Interviewers are much more concerned about the ability of candidates to recognize the structure of subproblems, verbally derive a recurrence relation for the same and explain their trade-offs on time and space than knowing whether the candidate has seen the problem or not. Considering the frequent appearance of DP questions on arrays, strings, trees and grids, spending the effort to really comprehend a few basic patterns goes a long way.
Why this Matters
Dynamic programming is one of the most frequently tested problem-solving techniques in software engineering interviews. Understanding its recurring patterns helps candidates solve complex coding challenges efficiently, improve algorithmic thinking, and perform better in technical interviews across leading technology companies.
Dynamic programming (DP) is an algorithmic technique used to solve complex problems by breaking them into smaller overlapping subproblems. Instead of solving the same subproblem repeatedly, DP stores previously computed results using memoization or tabulation, significantly improving time efficiency.
Dynamic programming tests a candidate's problem-solving ability, optimization skills, and understanding of algorithms.

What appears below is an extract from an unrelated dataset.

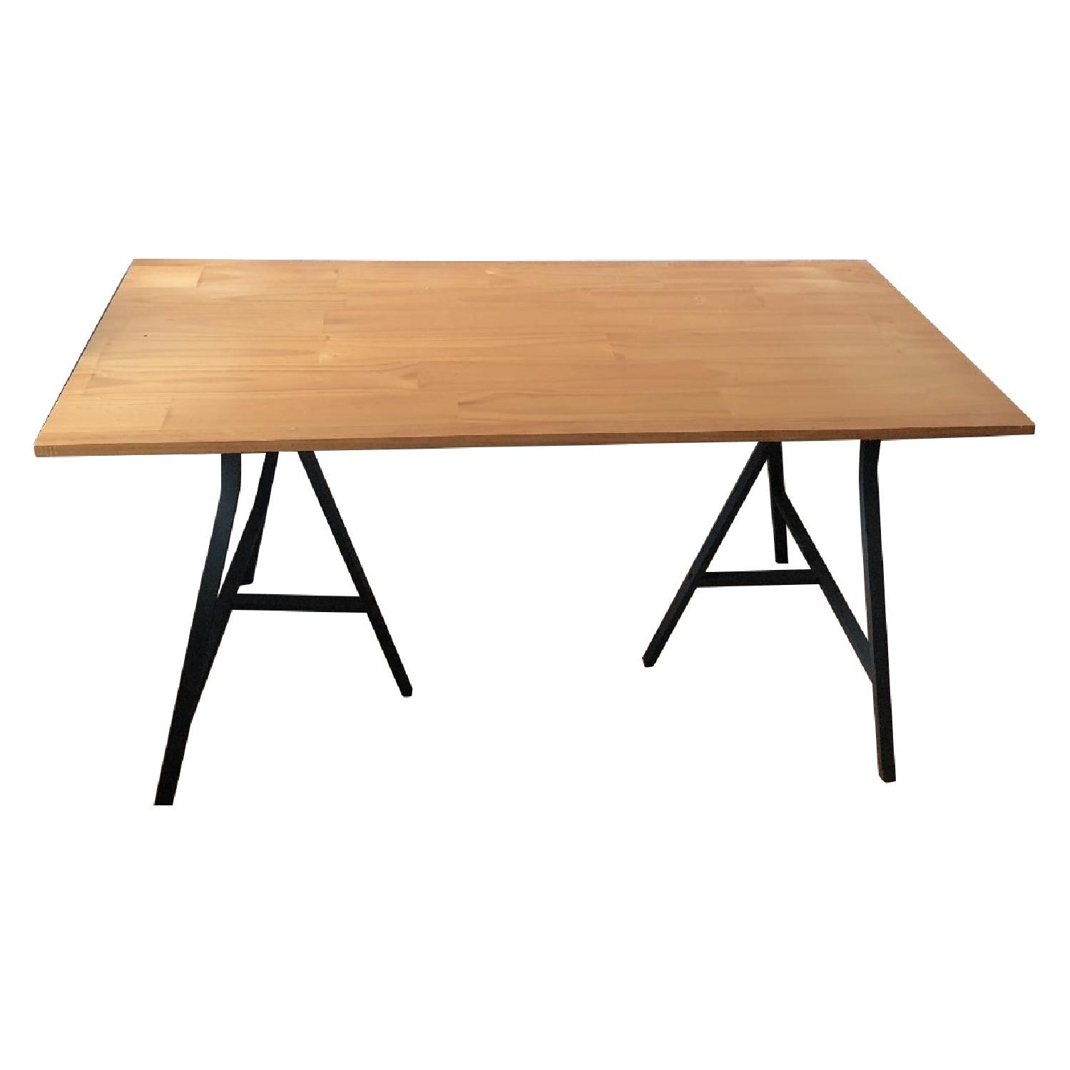 Wood Desktop w/ 2 Dark Gray Steel Crosscut Trestle Legs

Many leading technology companies include DP questions because they evaluate logical thinking, recurrence formulation, state transitions, and the ability to optimize brute-force solutions into efficient algorithms.

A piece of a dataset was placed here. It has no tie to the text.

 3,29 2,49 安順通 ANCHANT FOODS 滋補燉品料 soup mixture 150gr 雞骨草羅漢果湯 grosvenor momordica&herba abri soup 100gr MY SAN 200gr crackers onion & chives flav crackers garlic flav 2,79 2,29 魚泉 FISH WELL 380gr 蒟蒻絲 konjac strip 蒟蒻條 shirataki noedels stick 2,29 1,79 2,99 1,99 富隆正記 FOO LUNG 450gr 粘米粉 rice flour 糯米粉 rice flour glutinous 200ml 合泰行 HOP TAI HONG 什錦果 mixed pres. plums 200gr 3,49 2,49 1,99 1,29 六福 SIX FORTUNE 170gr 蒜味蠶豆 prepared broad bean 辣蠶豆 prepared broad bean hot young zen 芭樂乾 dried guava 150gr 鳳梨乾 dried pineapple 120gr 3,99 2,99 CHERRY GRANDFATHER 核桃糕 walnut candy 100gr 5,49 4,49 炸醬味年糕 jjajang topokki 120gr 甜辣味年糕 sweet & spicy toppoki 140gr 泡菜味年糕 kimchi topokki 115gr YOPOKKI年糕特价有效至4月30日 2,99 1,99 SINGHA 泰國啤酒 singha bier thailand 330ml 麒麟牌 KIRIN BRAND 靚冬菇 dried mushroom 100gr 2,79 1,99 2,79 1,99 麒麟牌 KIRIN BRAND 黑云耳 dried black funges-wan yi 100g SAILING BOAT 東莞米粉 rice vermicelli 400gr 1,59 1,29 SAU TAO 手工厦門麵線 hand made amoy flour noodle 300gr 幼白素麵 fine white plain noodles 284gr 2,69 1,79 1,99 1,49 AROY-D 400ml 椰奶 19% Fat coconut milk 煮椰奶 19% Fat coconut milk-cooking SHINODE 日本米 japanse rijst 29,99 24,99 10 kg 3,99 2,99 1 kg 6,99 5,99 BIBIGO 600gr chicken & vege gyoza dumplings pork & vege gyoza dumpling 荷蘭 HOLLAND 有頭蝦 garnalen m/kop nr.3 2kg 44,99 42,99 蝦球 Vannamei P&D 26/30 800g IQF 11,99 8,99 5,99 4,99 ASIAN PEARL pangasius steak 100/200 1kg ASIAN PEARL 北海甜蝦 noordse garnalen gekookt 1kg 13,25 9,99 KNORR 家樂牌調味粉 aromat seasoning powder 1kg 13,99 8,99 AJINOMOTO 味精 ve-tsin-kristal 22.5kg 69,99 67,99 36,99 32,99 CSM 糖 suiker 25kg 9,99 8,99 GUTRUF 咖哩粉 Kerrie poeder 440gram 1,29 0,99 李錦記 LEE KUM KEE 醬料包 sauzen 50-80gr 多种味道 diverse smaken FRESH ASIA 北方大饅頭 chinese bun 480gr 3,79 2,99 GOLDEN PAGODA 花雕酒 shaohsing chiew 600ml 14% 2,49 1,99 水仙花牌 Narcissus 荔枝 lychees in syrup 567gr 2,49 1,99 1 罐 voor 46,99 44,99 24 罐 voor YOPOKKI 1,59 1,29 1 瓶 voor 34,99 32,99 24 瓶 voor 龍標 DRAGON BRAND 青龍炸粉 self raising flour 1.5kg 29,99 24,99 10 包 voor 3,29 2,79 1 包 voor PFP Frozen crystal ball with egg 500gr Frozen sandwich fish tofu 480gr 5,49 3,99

Dynamic programming questions commonly appear in interviews at Google, Meta, Amazon, Microsoft, Apple, Netflix, Adobe, Uber, and many other technology companies. Google generally asks more advanced DP problems, while Amazon and Meta often focus on medium-difficulty array and string-based DP questions.
The most frequently tested DP patterns include 0/1 Knapsack, Unbounded Knapsack, Grid DP, String DP, Interval DP, State Machine DP, Tree DP, and Bitmask DP. Learning these core patterns enables candidates to solve a wide variety of interview problems efficiently.
Beginners should first understand recursion before learning memoization and tabulation. They should then practice simple problems like Fibonacci, Climbing Stairs, and House Robber before progressing to Knapsack, Longest Common Subsequence, Coin Change, and more advanced DP patterns.